The second confidence interval, [374, 388] s/km, is utterly inconsistent with the earlier confidence interval [246, 261]. This is a matter of accuracy. The distance coefficient in the first model is aimed at a different target than the distance coefficient in the second model. In exploring hill-racing data, should we look at distance taking into account climb (the first model) or ignoring climb (the second model). The width of the confidence interval addresses only the issue of precision, not whether the model is accurate for the purpose at hand.

The confidence level

The confidence interval is designed to communicate to a human reader the influence of sampling variation as it plays out in the calculation of a model coefficient (or some other sample statistic such as the median or R^2). The two equivalent formats we use for the interval—for example, [374, 388] or equivalently 381 $—are intended to be easy to read and use for the intended purpose.

A more complete picture of sampling variation is provided by treating it as a noise model, as described in Lesson 15. We can choose an appropriate noise model by looking at the distribution shape for sampling variation. Experience has shown that an excellent, general-purpose noise model for sampling variation is the normal noise model. To support this claim we can use a simulation of the sort reported in Figure 19.2, where the distribution of coefficients across the 500 sampling trials has the characteristic shape of the normal model.

To show how that normal noise model relates to confidence intervals, we can calculate a confidence interval from data and compare that interval to a simulation of sampling variation. We will stick with the distance coefficient in the model time ~ distance + climb trained on the Scottish hill racing data in the Hill_racing data frame. But any model of any other data set would show much the same thing.
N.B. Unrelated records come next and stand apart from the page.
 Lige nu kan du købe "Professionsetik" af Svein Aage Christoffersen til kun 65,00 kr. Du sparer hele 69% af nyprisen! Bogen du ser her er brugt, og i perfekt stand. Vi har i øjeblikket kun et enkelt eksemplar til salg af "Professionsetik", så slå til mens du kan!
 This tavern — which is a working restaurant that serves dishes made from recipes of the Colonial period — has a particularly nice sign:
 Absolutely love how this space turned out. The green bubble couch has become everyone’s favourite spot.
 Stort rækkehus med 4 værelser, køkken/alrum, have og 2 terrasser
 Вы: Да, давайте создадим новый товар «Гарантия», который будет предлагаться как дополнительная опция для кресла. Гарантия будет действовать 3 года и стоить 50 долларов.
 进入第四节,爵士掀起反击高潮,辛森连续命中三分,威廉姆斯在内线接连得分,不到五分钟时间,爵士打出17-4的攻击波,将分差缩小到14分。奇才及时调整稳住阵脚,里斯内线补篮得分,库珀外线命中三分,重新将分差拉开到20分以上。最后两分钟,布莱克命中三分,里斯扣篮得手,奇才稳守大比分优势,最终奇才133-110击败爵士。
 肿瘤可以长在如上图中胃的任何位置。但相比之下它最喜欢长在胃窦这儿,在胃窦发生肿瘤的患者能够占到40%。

Recall that the confidence interval on distance is 246 s/km to 261 s/km. We can construct individual trials of sampling variation through a technique called “resampling” that will be described in Chapter 19. In essence, the resampling technique takes a sample of the same size from a data frame. In the simulation, we will use resampling to generate a “new” sample, train a model on that new sample, then report the distance coefficient and its confidence interval. Each trial will look like this:

resample(Hill_racing) |>
  model_train(time ~ distance + climb) |>
  conf_interval() |>
  filter(term == "distance")
term .lwr .coef .upr
distance 248.0934 255.5706 263.0479

Let’s run 10,000 such trials and store them in a data frame we will call Trials:

Trials <- 
  resample(Hill_racing) |>
  model_train(time ~ distance + climb) |>
  conf_interval() |>
  filter(term == "distance") |>
  trials(10000)

Now, let’s plot the 10,000 coefficients, one from each trial:

Trials |>
  point_plot(.coef ~ 1, annot = "violin", point_ink = 0.1, size = 0.5) |>
  gf_errorbar(246 + 261 ~ 1, color = "red") |>
  add_plot_labels(y = "Coefficient on distance (s/km)")
Figure 20.2: Five-hundred trials in which the distance coefficient in the model time ~ distance + climb. The [246, 261] confidence interval from the actual data is drawn in red.
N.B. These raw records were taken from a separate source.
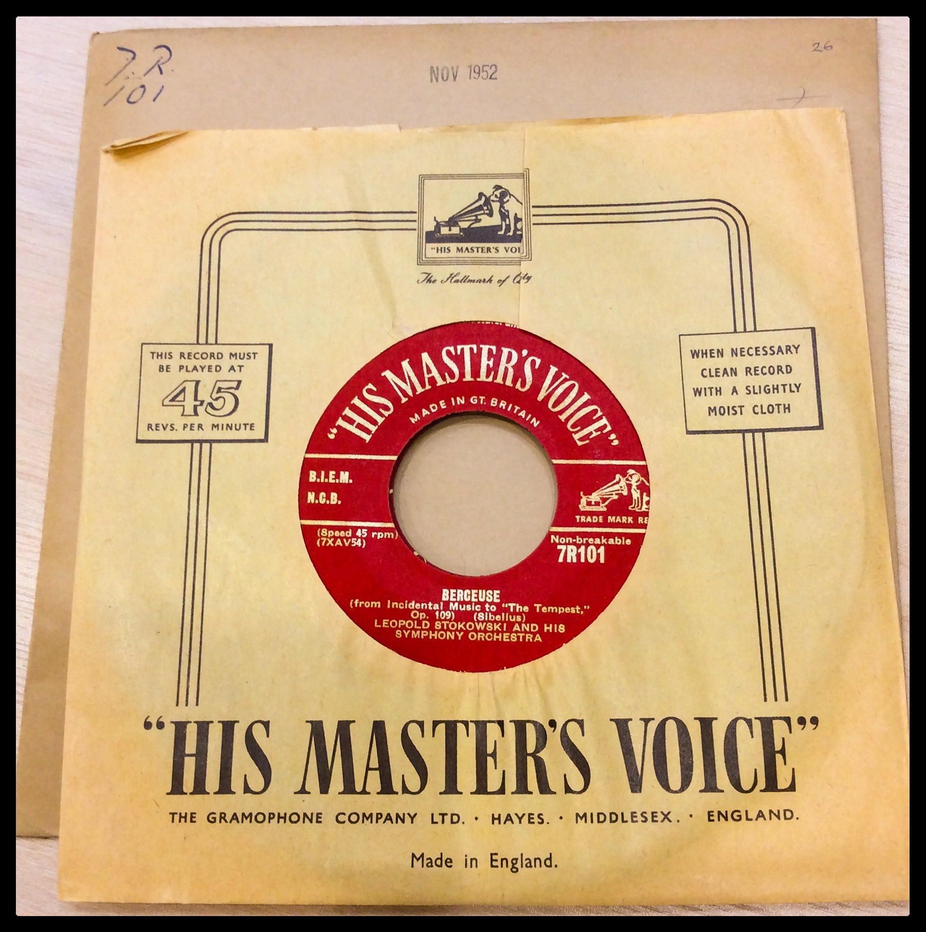 Valse Triste and Berceuse by Leopold Stokowski and his symphony orchestra, were the very first 45 singles vinyl issue on the famous red His Master’s Voice label R-100 series in November 1952.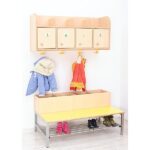 Zusätzlich können Sie zwischen zwei Breiten wählen: B 61,1 cm (für 2 Kinder) oder B 120 cm (für 4 Kinder). Die Schuhablage mit Gitterrost sorgt für Ordnung, und der Abstand zum Boden beträgt bei SH 26 cm 7,5 cm und bei SH 35 cm 12,5 cm. Auch die Rückenlehne verfügt über zwei oder vier Fächer (Innenmaß eines Fachs 27 x 27 cm), was die Funktionalität zusätzlich erhöht.
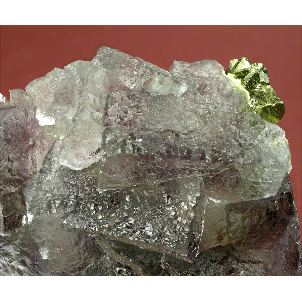 A unique and quite colorful specimen of purple-cored blue Fluorite from Inner Mongolia in China. It features a group of cubic Fluorite crystals inter-joined to create the graceful composition pictured. The cubes exhibit rich purple centers under a gemmy, ice-blue outer layer, with beautifully textured surfaces. Crystals of golden Chalcopyrite and magnetic Pyrrhotite add a nice bit of contrast to an already beautiful specimen. In excellent condition, with lots of fine details for you to explore all over.

Some things to note from Figure 20.2:

  1. The distribution of the distance coefficient from the resampling trials has the shape of the normal noise model.
  2. The large majority of the trials produced a coefficient that falls inside the confidence interval found from the original data.
  3. Some of the trials fall outside that confidence interval. Sometimes, if rarely, the trial falls far outside the confidence interval.
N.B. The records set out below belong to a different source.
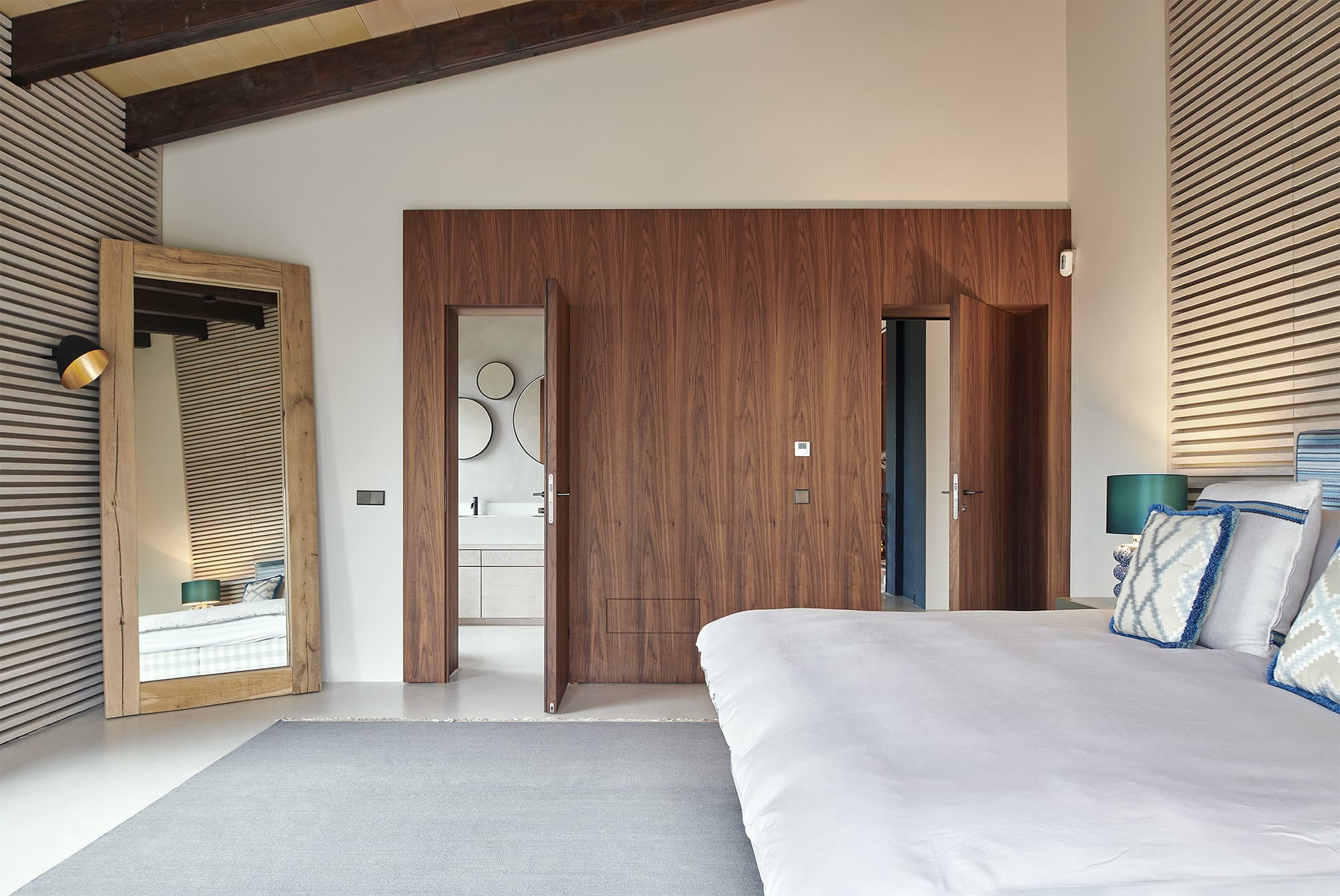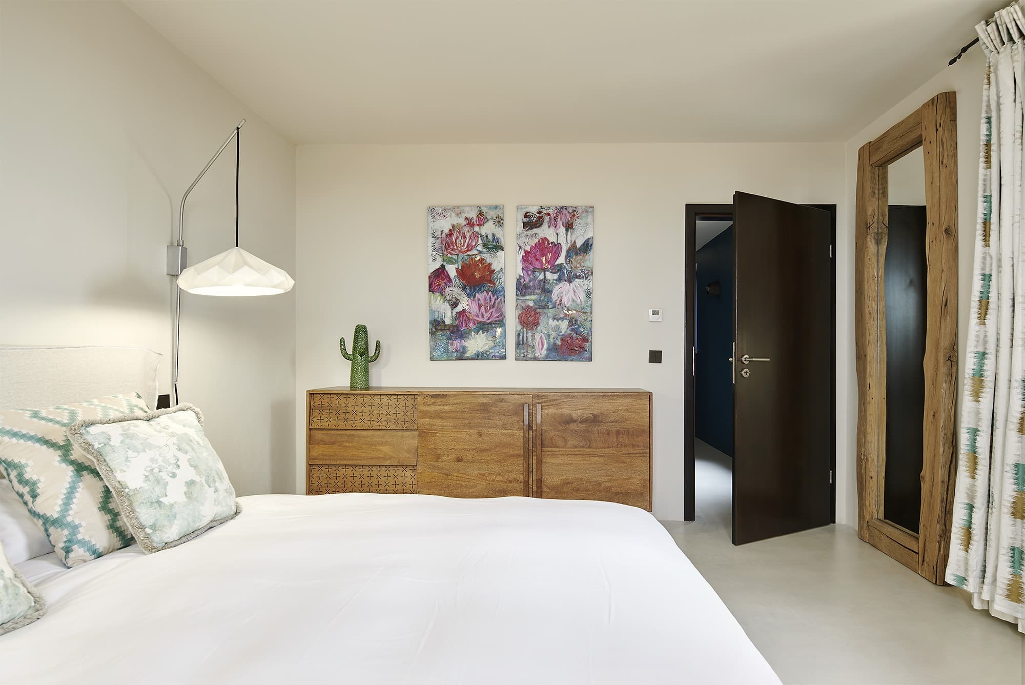 Five thoughtfully designed bedrooms are arranged between the main house and a separate guest house, offering both privacy and flexibility. Each room features its own en-suite bathroom, refined furnishings, and views across the surrounding countryside. Discreet laundry facilities support longer, effortless stays.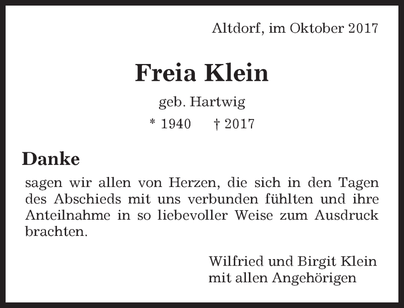 Hier finden Sie alle Traueranzeigen aus der Zeitung, die bisher für Freia Klein erschienen sind. Weitere Traueranzeigen, die in der Zeitung erscheinen, werden hier ebenfalls aufgelistet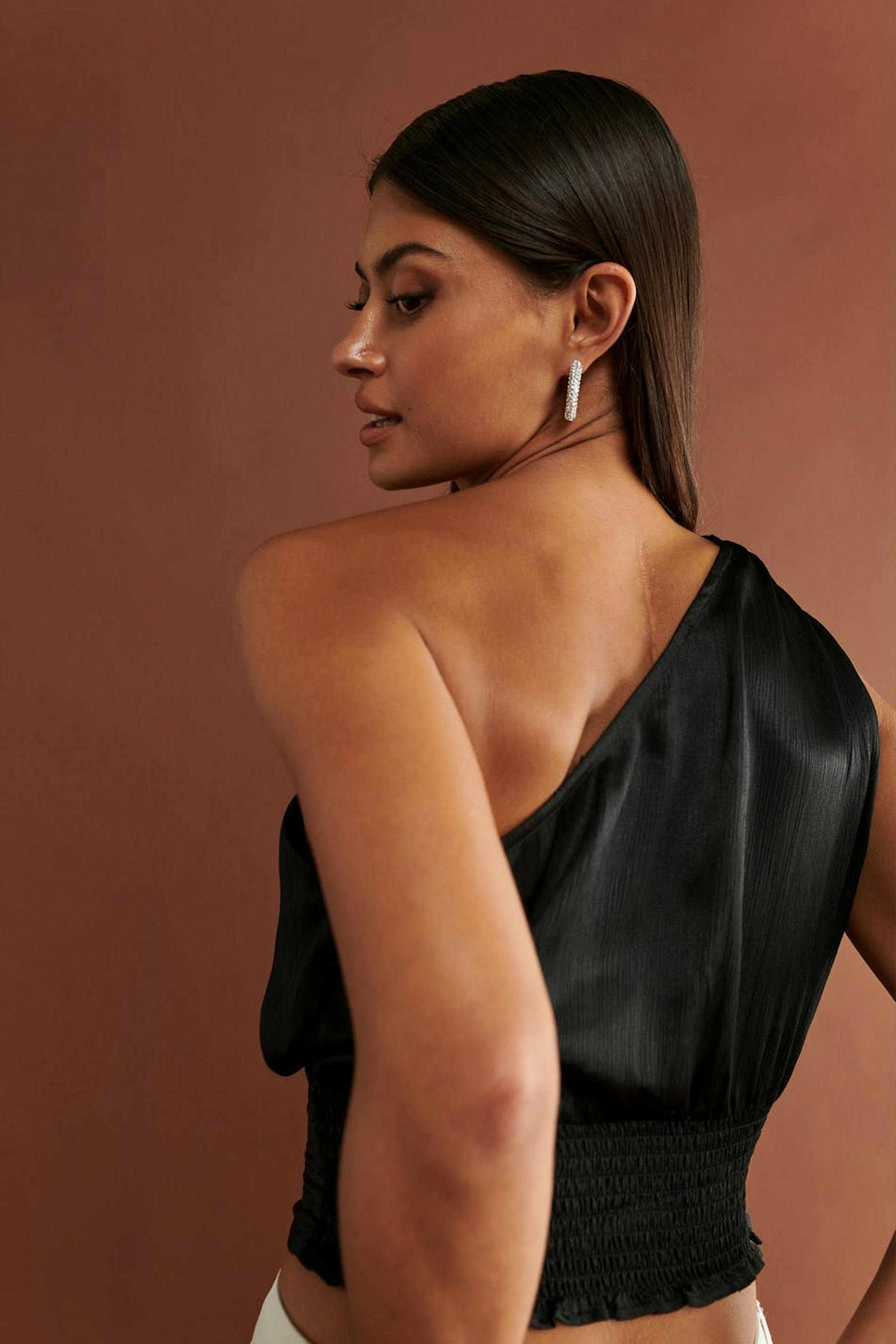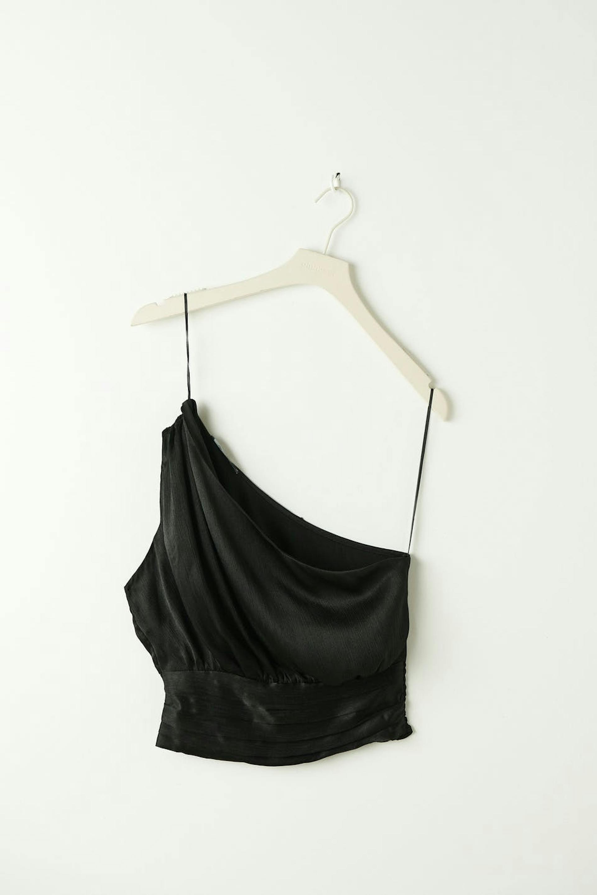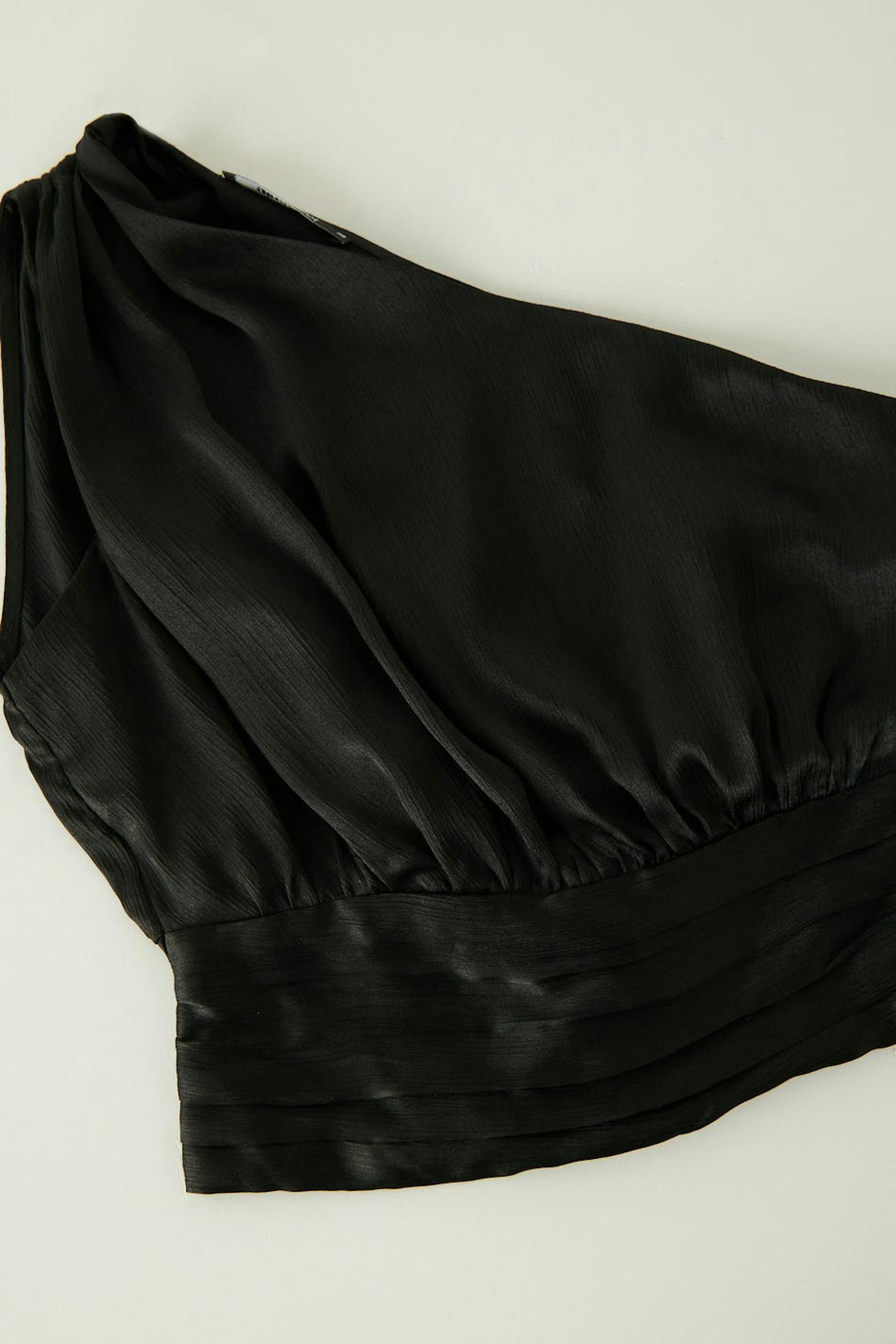 Cropped one shoulder top in satin with gathered effect. The top is perfect for the party, black and sleeveless. It has smocking at the back and a crinkled material.

A complete description of the possible range in the distance coefficient due to sampling variation would be something like Figure 20.2. For pragmatic purposes, however, rather than report 10,000 (or more!) coefficients we report just two values: the bounds of the confidence interval.

By convention, the bounds of the confidence interval are selected to contain 95% of the coefficients. Thus, the confidence interval should more properly be called the “95% confidence interval” or “the confidence interval at a 95% level.” The confidence interval gives us a solid feel for the amount of sampling variation, but it can never encompass all of it.

To calculate a confidence interval at a level other than 95%, use the level= argument to conf_interval(). For instance, for an 80% level, use conf_interval(level = 0.85).

Calculating confidence intervals (optional)

In Lesson 19, we repeated trials over and over again to gain some feeling for sampling variation. We quantified the repeatability in any of several closely related ways: the sampling variance or its square root (the “standard error”) or a “margin of error” or a “confidence interval.” Our experiments with simulations demonstrated an important property of sampling variation: the amount of sampling variation depends on the sample size \(n\). In particular, the sampling variance gets smaller as \(n\) increases in proportion to \(1/n\). (Consequently, the standard error gets smaller in proportion to \(1/\sqrt{n}\).)

It is time to take off the DAG simulation training wheels and measure sampling variation from a single data frame. Our first approach will be to turn the single sample into several smaller samples: subsampling. Later, we will turn to another technique, resampling, which draws a sample of full size from the data frame. Sometimes, in particular with regression models, it is possible to calculate the sampling variation from a formula, allowing software to carry out and report the calculations automatically.

The next sections show two approaches to calculating a confidence interval. For the most part, this is background information to show you how it’s possible to measure sampling variation from a single sample. Usually you will use conf_interval() or similar software for the calculation.

Subsampling

Although computing a confidence interval is a simple matter in software, it is helpful to have a conceptual idea of what is behind the computation. This section and Section 20.4.2 describe two methods for calculating a confidence interval from a single sample. The conf_interval() summary function uses yet another method that is more mathematically intricate, but which we won’t describe here.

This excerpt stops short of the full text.